> _DIRECTIONS_:
The entries are to be reproduced word for word, with all images left out.

START GIVEN INFORMATION

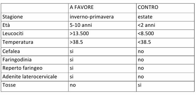Diagnosi: La diagnosi differenziale tra una faringo-tonsillite di natura virale e una di natura streptococcica è molto importante, soprattutto per le problematiche legate alle complicanze di quest'ultima,ed in particolare per la prevenzione della malattia reumatica, della glomerulonefrite e dell'eritema nodoso.
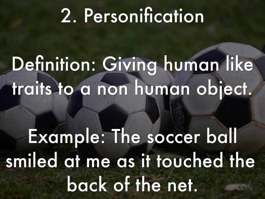 Example: The soccer ball smiled at me as it touched the back of the net.
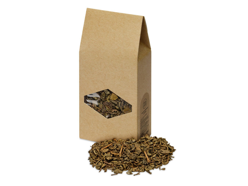 Чай зеленый байховый. Классический зеленый чай с терпким вкусом и насыщенным ароматом. Чай упакован в крафт - коробку с широкой возможностью персонализации. Отличный подарок для ценителя зеленого чая.
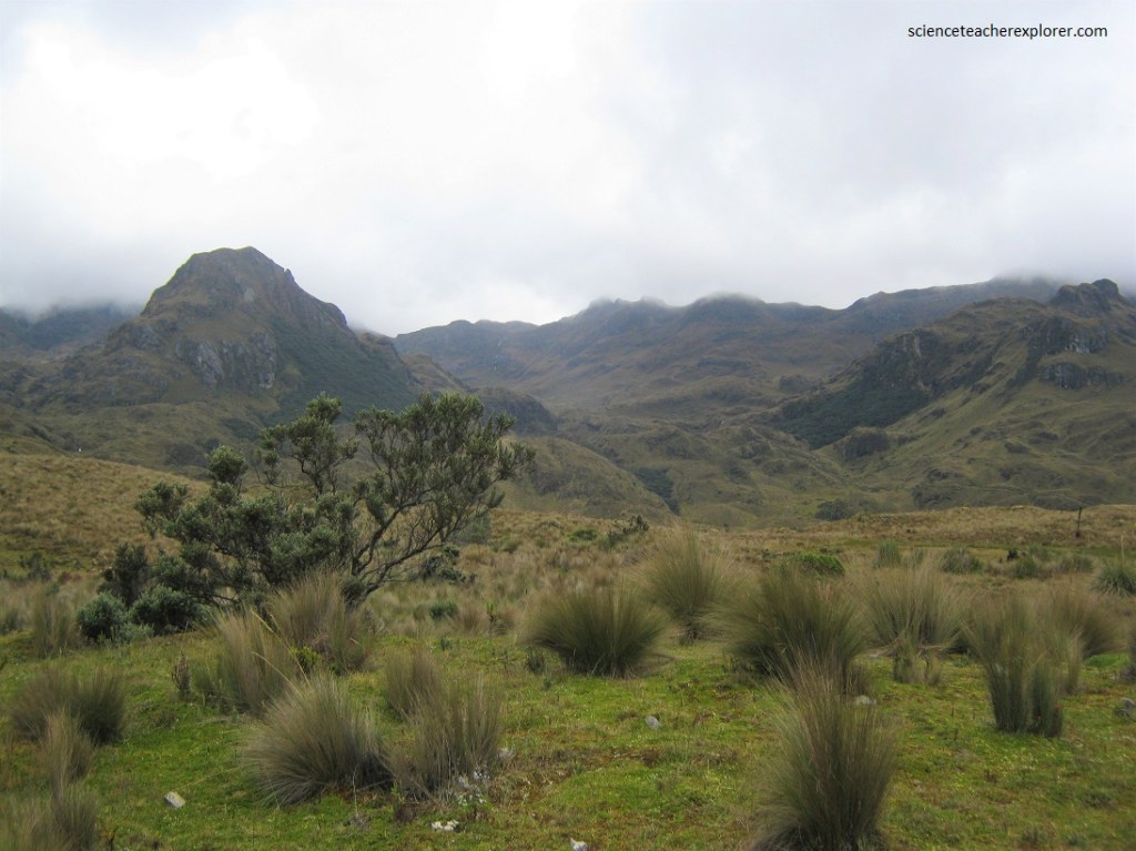 With temperatures ranging from -2 to 18° C and precipitation fluctuating between 1000-2000 mm per year, the area is very wet, which is why it serves as a drinking water supply area for the city of Cuenca. On the day we were there, it was very humid indeed, especially on the western side of the continental divide.
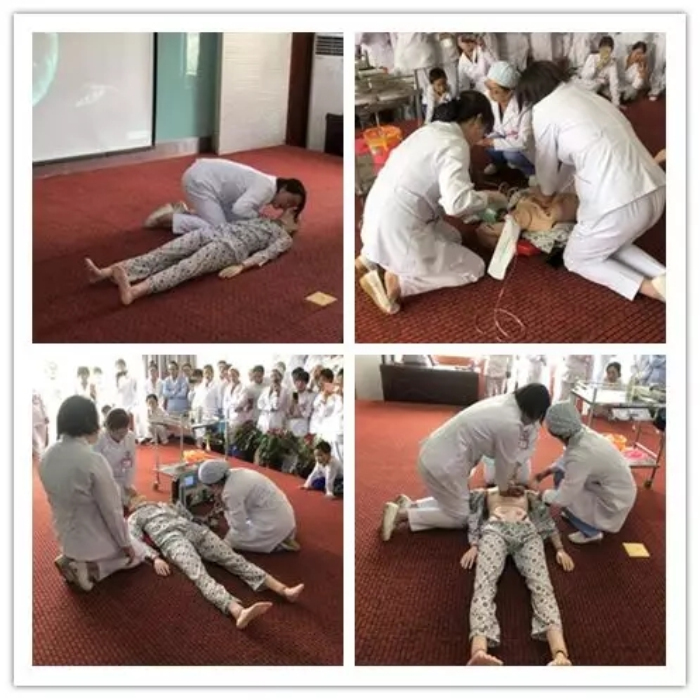 護理部主任王青青、兒科周玲護士長及產(chǎn)科二病區(qū)代理護士長李艷三人配合進行了心肺復蘇除顫操作技術。本次講課內容豐富并貼近實際工作,老師現(xiàn)場操作演示護理技術,護理人員積極互動,各科室分別派出三人進行了實操演練,在老師的指導下熟悉了流程并掌握了重點步驟。
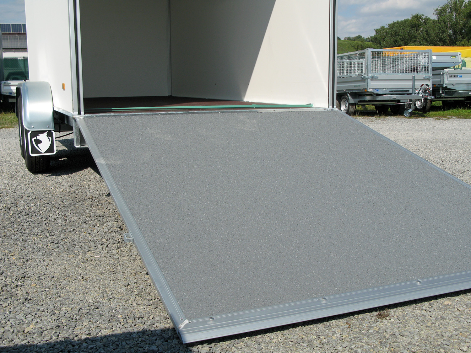 Tieflader-Koffer mit Auffahrklappe rutschhemmend mit Gasdruckfedern
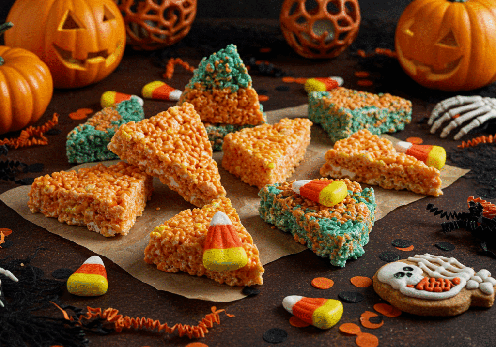 Layer yellow, orange, and white Rice Krispies to look like candy corn triangles.
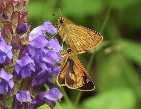 翅を閉じた個体と開いた個体を同時に撮影できました。ウツボグサには必ずこの蝶が
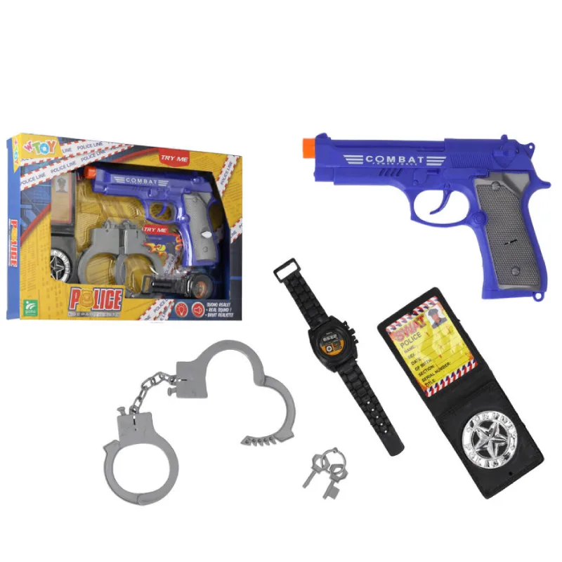 • Sadržaj: Igračka pištolj sa zvukom i svjetlom, lisice s ključevima, sat i policijska značka.

END GIVEN INFORMATION

> _TASK RESPONSE_:
Diagnosi: La diagnosi differenziale tra una faringo-tonsillite di natura virale e una di natura streptococcica è molto importante, soprattutto per le problematiche legate alle complicanze di quest'ultima,ed in particolare per la prevenzione della malattia reumatica, della glomerulonefrite e dell'eritema nodoso.
 Example: The soccer ball smiled at me as it touched the back of the net.
 Чай зеленый байховый. Классический зеленый чай с терпким вкусом и насыщенным ароматом. Чай упакован в крафт - коробку с широкой возможностью персонализации. Отличный подарок для ценителя зеленого чая.
 With temperatures ranging from -2 to 18° C and precipitation fluctuating between 1000-2000 mm per year, the area is very wet, which is why it serves as a drinking water supply area for the city of Cuenca. On the day we were there, it was very humid indeed, especially on the western side of the continental divide.
 護理部主任王青青、兒科周玲護士長及產(chǎn)科二病區(qū)代理護士長李艷三人配合進行了心肺復蘇除顫操作技術。本次講課內容豐富并貼近實際工作,老師現(xiàn)場操作演示護理技術,護理人員積極互動,各科室分別派出三人進行了實操演練,在老師的指導下熟悉了流程并掌握了重點步驟。
 Tieflader-Koffer mit Auffahrklappe rutschhemmend mit Gasdruckfedern
 Layer yellow, orange, and white Rice Krispies to look like candy corn triangles.
 翅を閉じた個体と開いた個体を同時に撮影できました。ウツボグサには必ずこの蝶が
 • Sadržaj: Igračka pištolj sa zvukom i svjetlom, lisice s ključevima, sat i policijska značka.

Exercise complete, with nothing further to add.